▸ **The problem**
All of the data should be reproduced word for word, though its pictures must be omitted.

******************************

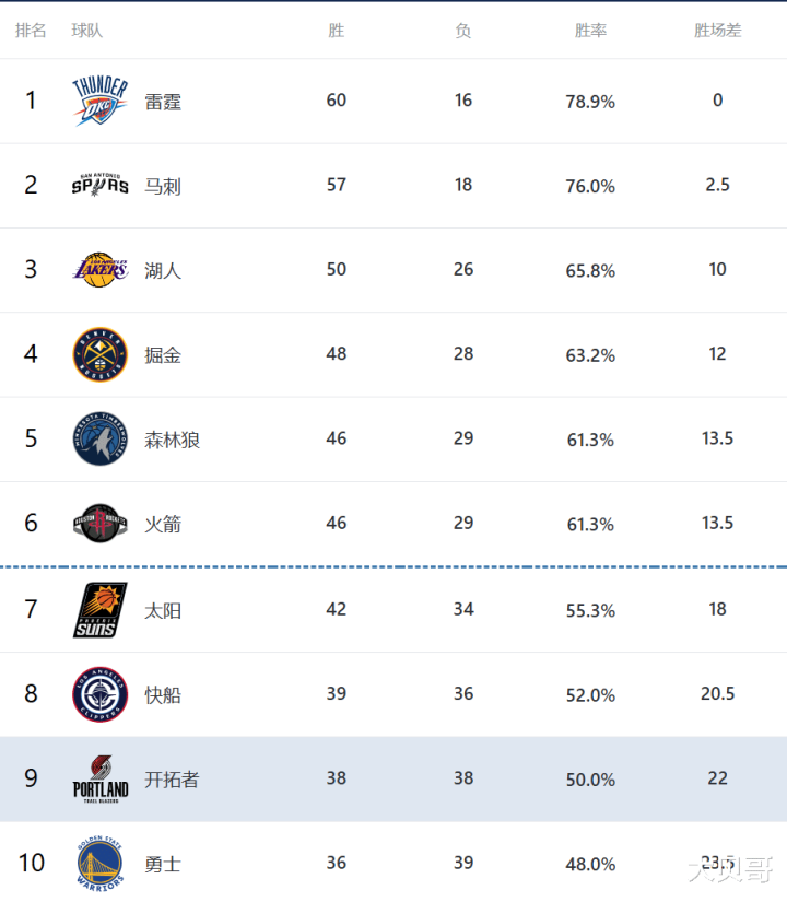 北京技能4月1日,天然今天定约当中的比赛未几,然而跟着老例赛的长远,西部的排行地点徐徐开朗了,在今天的比赛打完毕之后,加上之前的雷霆和马刺,4支球队还是建造了季后赛的限额,不外分区的排行可能还会有所变化,当今西部3-6位、附加赛区的8-10位仍有可能会有变化,咱们来望望最新的排行。
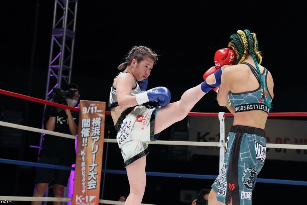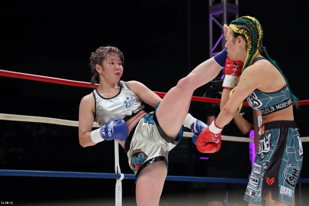 「(試合の感想は?)K-1初参戦で勝てたこと、うれしいんですけど、今回はいつもバチバチ打ち合うスタイルに、プラス技術を使って戦う試合だったんですけど、ひさびさの3分3Rでちょっと3R疲れてしまって、バタバタの試合になってしまったのがものすごく悔しいです。でも、勝ててよかったです。(対戦相手の印象は?)1Rにカーフと顔面前蹴りでけっこう効いてるのがわかったんですけど、それでも3Rまで前に前に出続けて、パンチとかも強くて、とても強い選手でした。
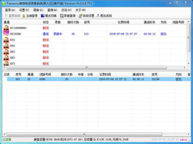 當被監(jiān)聽設備使用時,系統(tǒng)便自動進行錄音,系統(tǒng)把語音信號以數字化語音格式寫入硬盤。同時系統(tǒng)記錄其通話日期、時間和當前通話時間等信息。如果該被監(jiān)聽設備為電話線路,還可以記錄打出電話的外線號碼或打入電話的來電號碼,掛機時系統(tǒng)便會自動停止錄音。
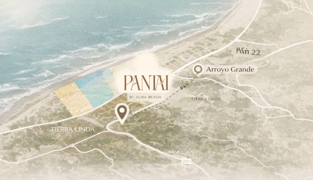 PANTAI está ubicado en la Zona Norte de Cartagena, kilómetro 22 – sector Arroyo Grande, con salida directa al mar Caribe y acceso a ALMA Playa.
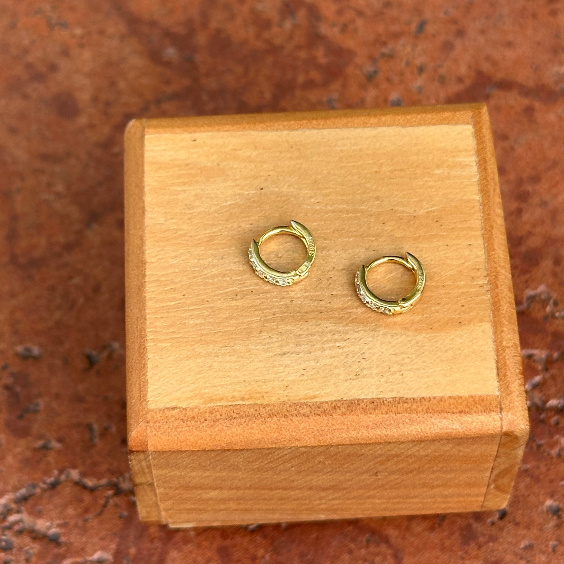 Sterling Silver Yellow Gold-Plated Tiny Round Cubic Zirconia Huggie Hoop Earrings
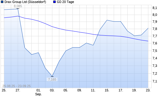 Mit dem Anstieg auf 7,73 EUR hat die DRAX GROUP-Aktie am 22.09.2025 die 20-Tage-Linie nach oben gekreuzt.
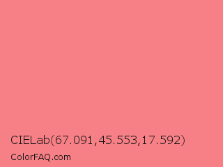 CIELab 67.091,45.553,17.592 Color is a light red color and the nearest color is Light Coral #f08080. Hex code #f68086 and RGB value is rgb(246,128,134). In RGB color space, this color is composed of 96% red, 50% green, 53% blue, In CMYK color space, this color is composed of 0% cyan, 48% magenta, 46% yellow , 4% black , In HSL color space, this color has a hue angle of 357° , 87% saturation and 73% lightness.

******************************

▸ **Solution for this task**
 北京技能4月1日,天然今天定约当中的比赛未几,然而跟着老例赛的长远,西部的排行地点徐徐开朗了,在今天的比赛打完毕之后,加上之前的雷霆和马刺,4支球队还是建造了季后赛的限额,不外分区的排行可能还会有所变化,当今西部3-6位、附加赛区的8-10位仍有可能会有变化,咱们来望望最新的排行。
 「(試合の感想は?)K-1初参戦で勝てたこと、うれしいんですけど、今回はいつもバチバチ打ち合うスタイルに、プラス技術を使って戦う試合だったんですけど、ひさびさの3分3Rでちょっと3R疲れてしまって、バタバタの試合になってしまったのがものすごく悔しいです。でも、勝ててよかったです。(対戦相手の印象は?)1Rにカーフと顔面前蹴りでけっこう効いてるのがわかったんですけど、それでも3Rまで前に前に出続けて、パンチとかも強くて、とても強い選手でした。
 當被監(jiān)聽設備使用時,系統(tǒng)便自動進行錄音,系統(tǒng)把語音信號以數字化語音格式寫入硬盤。同時系統(tǒng)記錄其通話日期、時間和當前通話時間等信息。如果該被監(jiān)聽設備為電話線路,還可以記錄打出電話的外線號碼或打入電話的來電號碼,掛機時系統(tǒng)便會自動停止錄音。
 PANTAI está ubicado en la Zona Norte de Cartagena, kilómetro 22 – sector Arroyo Grande, con salida directa al mar Caribe y acceso a ALMA Playa.
 Sterling Silver Yellow Gold-Plated Tiny Round Cubic Zirconia Huggie Hoop Earrings
 Mit dem Anstieg auf 7,73 EUR hat die DRAX GROUP-Aktie am 22.09.2025 die 20-Tage-Linie nach oben gekreuzt.
 CIELab 67.091,45.553,17.592 Color is a light red color and the nearest color is Light Coral #f08080. Hex code #f68086 and RGB value is rgb(246,128,134). In RGB color space, this color is composed of 96% red, 50% green, 53% blue, In CMYK color space, this color is composed of 0% cyan, 48% magenta, 46% yellow , 4% black , In HSL color space, this color has a hue angle of 357° , 87% saturation and 73% lightness.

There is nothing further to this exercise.